However, when we preview the data in the Kinesis stream it looks like this:

This looks like an encoding error. Our raw data should be UTF-8, that’s why I am surprised to see issues that look encoding-related.

So far we have only set up JavaScript trackers and scala-stream-collector and want to add stream-enrich (via Kinesis).

Any help greatly appreciated,
Ian


#2

Hi Ian,

What you’re seeing there is the raw bytes associated with the Thrift serialized collector payload. The Scala stream collector when sinking to Kinesis will sink in this Thrift format. The stream enrich process will read this Thrift serialized format out of this collector Kinesis stream and then if configured will sink out to an additional new Kinesis enriched stream in a Base64 encoded TSV format. If you read off this enriched stream you’ll have something that’s more human readable.
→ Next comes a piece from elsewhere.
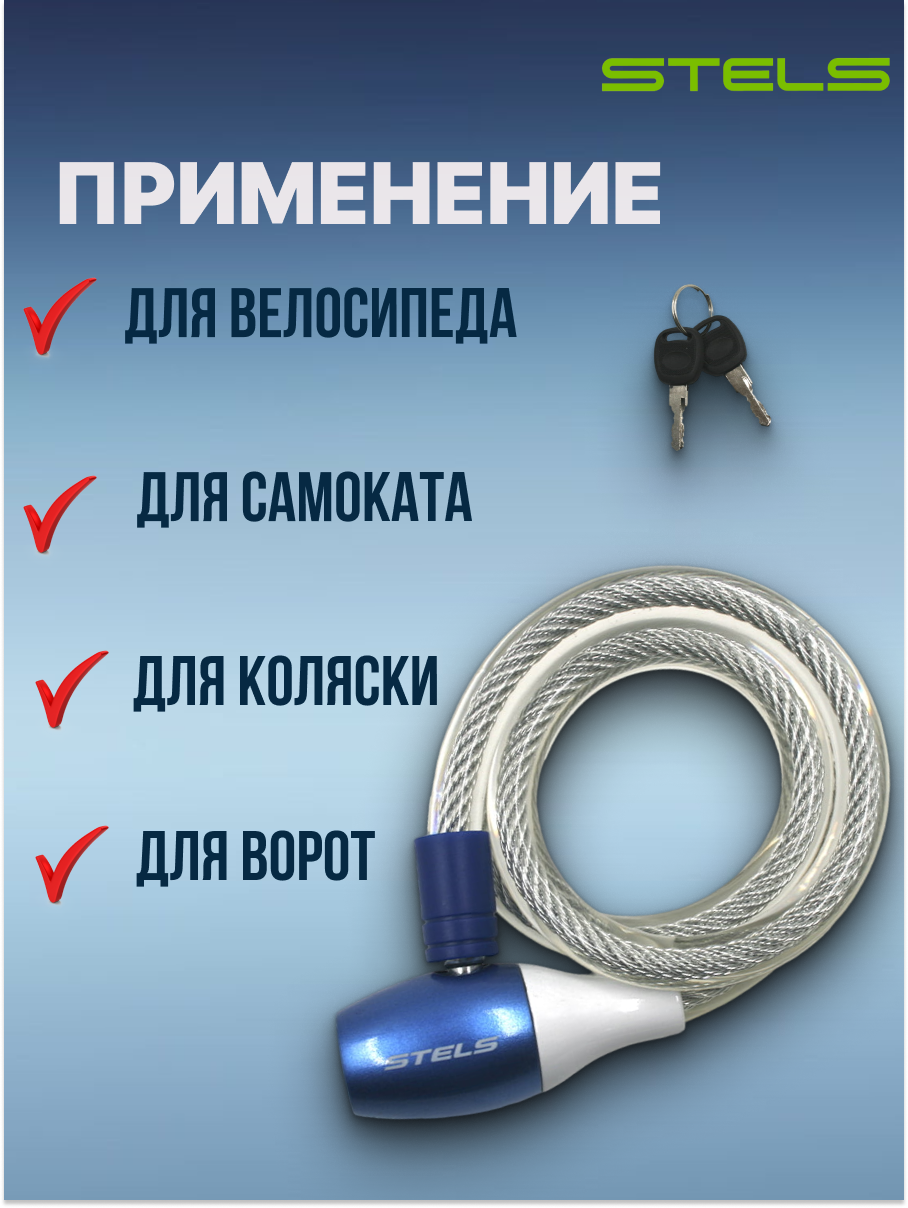 Трос-замок для велосипеда STELS ключевой 8х1800мм велозамок

Here’s my poorly drawn ASCII diagram to explain


   +--------------------+          +-------------------------+         +---------------+     +-------------------------+
   |                    |          |                         |         |               |     |                         |
   |                    |  Thrift  |                         |  Thrift |               | TSV |                         |
   | collector          +----------+  Kinesis payload stream +---------+ Stream enrich +-----+ Kinesis enriched stream |
   |                    |          |                         |         |               |     |                         |
   |                    |          |                         |         |               |     |                         |
   +--------------------+          +-------------------------+         +---------------+     +-------------------------+

You can of course read the TSV directly off the enriched stream or also use one of the Analytics SDKs in Scala or Python to help.


#3

Hi Mike,

Thank you so much for your quick reply! I had read about Thrift but didn’t remember it when I saw these encoding-like errors. Your diagram should definitely be added to the official documentation! :wink:

Best regards,
Ian